INFORMATION SUPPLIED:
+ + +

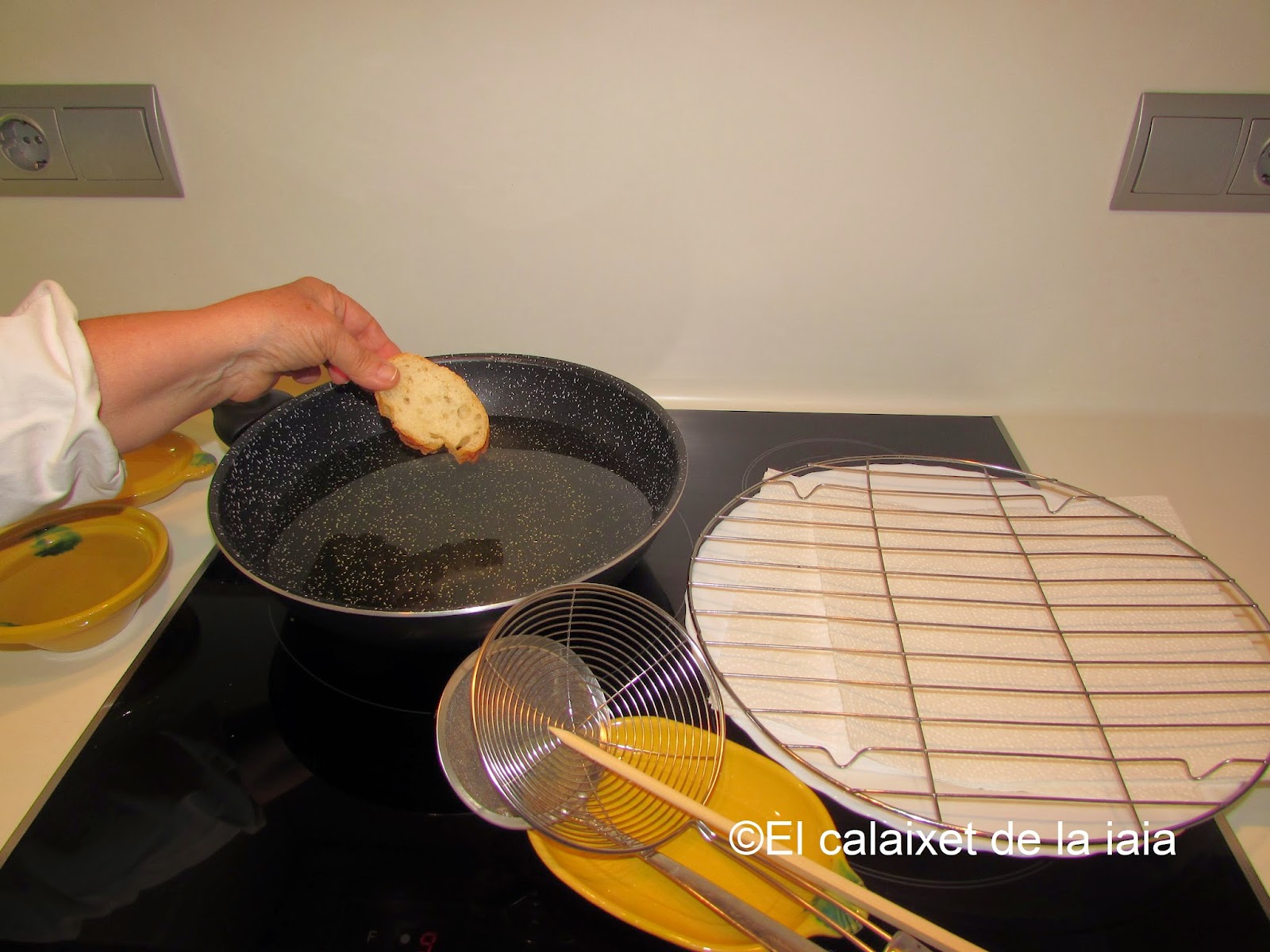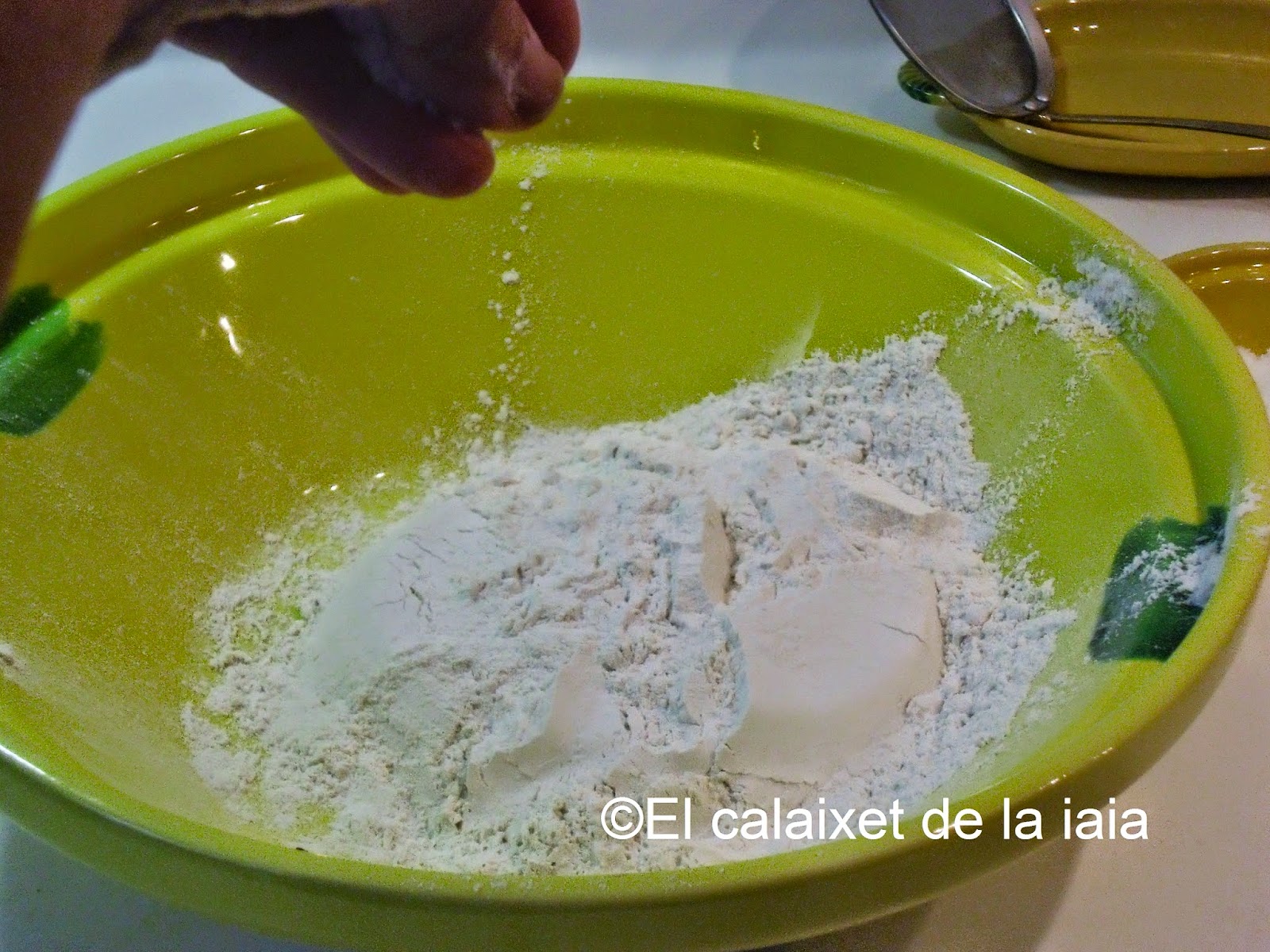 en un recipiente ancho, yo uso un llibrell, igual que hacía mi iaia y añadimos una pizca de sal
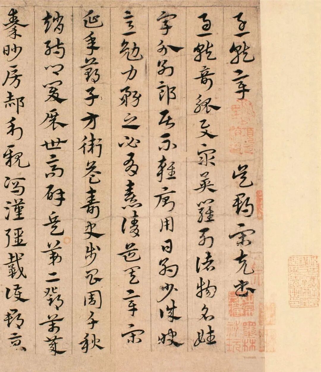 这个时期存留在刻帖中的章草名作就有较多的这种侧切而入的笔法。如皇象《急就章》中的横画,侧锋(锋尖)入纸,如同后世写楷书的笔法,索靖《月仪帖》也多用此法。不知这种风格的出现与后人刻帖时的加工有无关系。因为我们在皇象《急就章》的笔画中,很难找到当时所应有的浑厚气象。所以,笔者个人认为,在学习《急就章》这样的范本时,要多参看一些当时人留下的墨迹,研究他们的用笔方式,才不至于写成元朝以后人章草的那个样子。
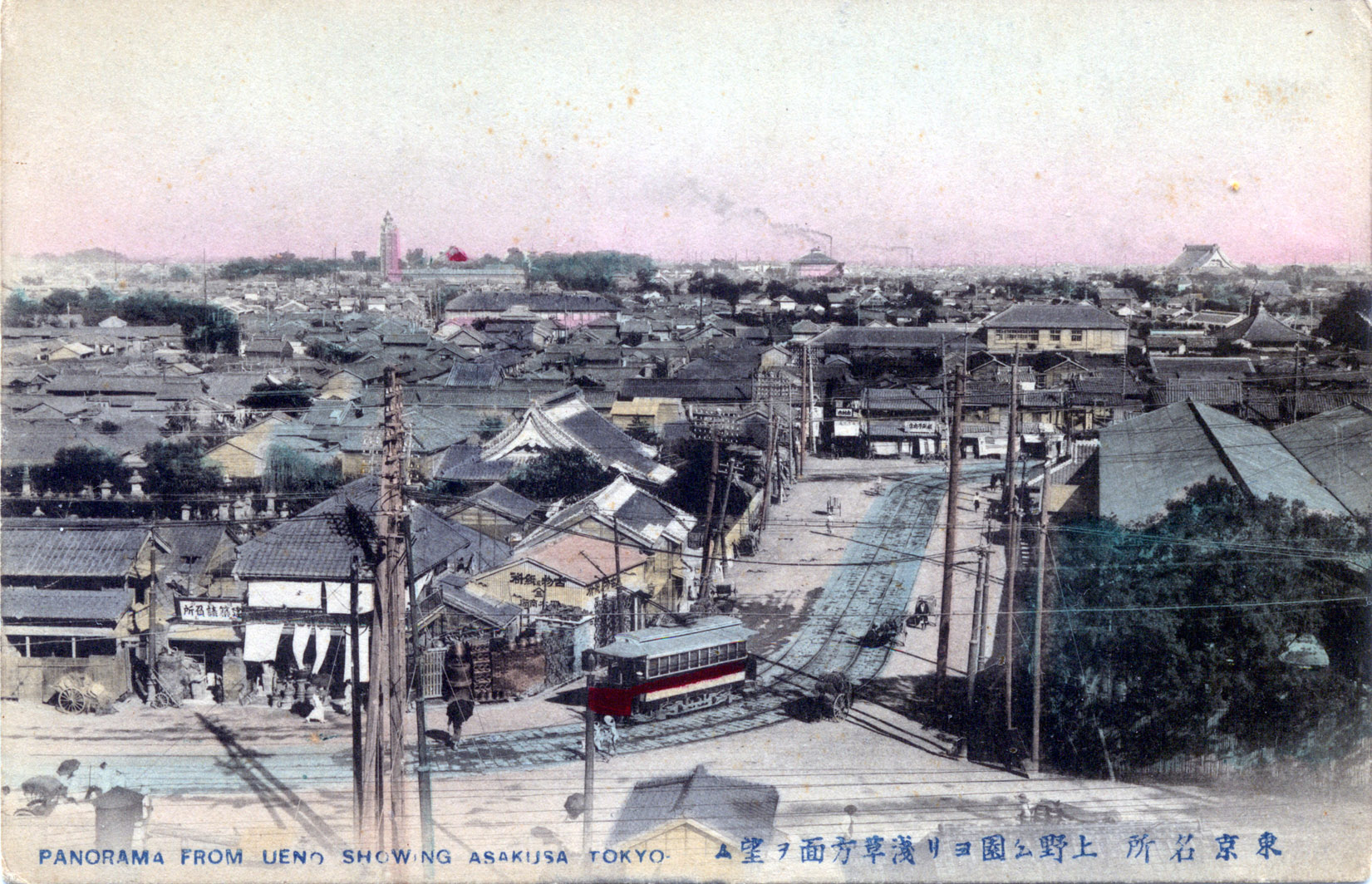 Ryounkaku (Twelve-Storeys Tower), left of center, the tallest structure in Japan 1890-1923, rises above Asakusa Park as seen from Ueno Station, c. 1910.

+ + +

AIM OF THE TASK: An exact copy of the listing is required; return it without any pictures.

YOUR RESPONSE:
 en un recipiente ancho, yo uso un llibrell, igual que hacía mi iaia y añadimos una pizca de sal
 这个时期存留在刻帖中的章草名作就有较多的这种侧切而入的笔法。如皇象《急就章》中的横画,侧锋(锋尖)入纸,如同后世写楷书的笔法,索靖《月仪帖》也多用此法。不知这种风格的出现与后人刻帖时的加工有无关系。因为我们在皇象《急就章》的笔画中,很难找到当时所应有的浑厚气象。所以,笔者个人认为,在学习《急就章》这样的范本时,要多参看一些当时人留下的墨迹,研究他们的用笔方式,才不至于写成元朝以后人章草的那个样子。
 Ryounkaku (Twelve-Storeys Tower), left of center, the tallest structure in Japan 1890-1923, rises above Asakusa Park as seen from Ueno Station, c. 1910.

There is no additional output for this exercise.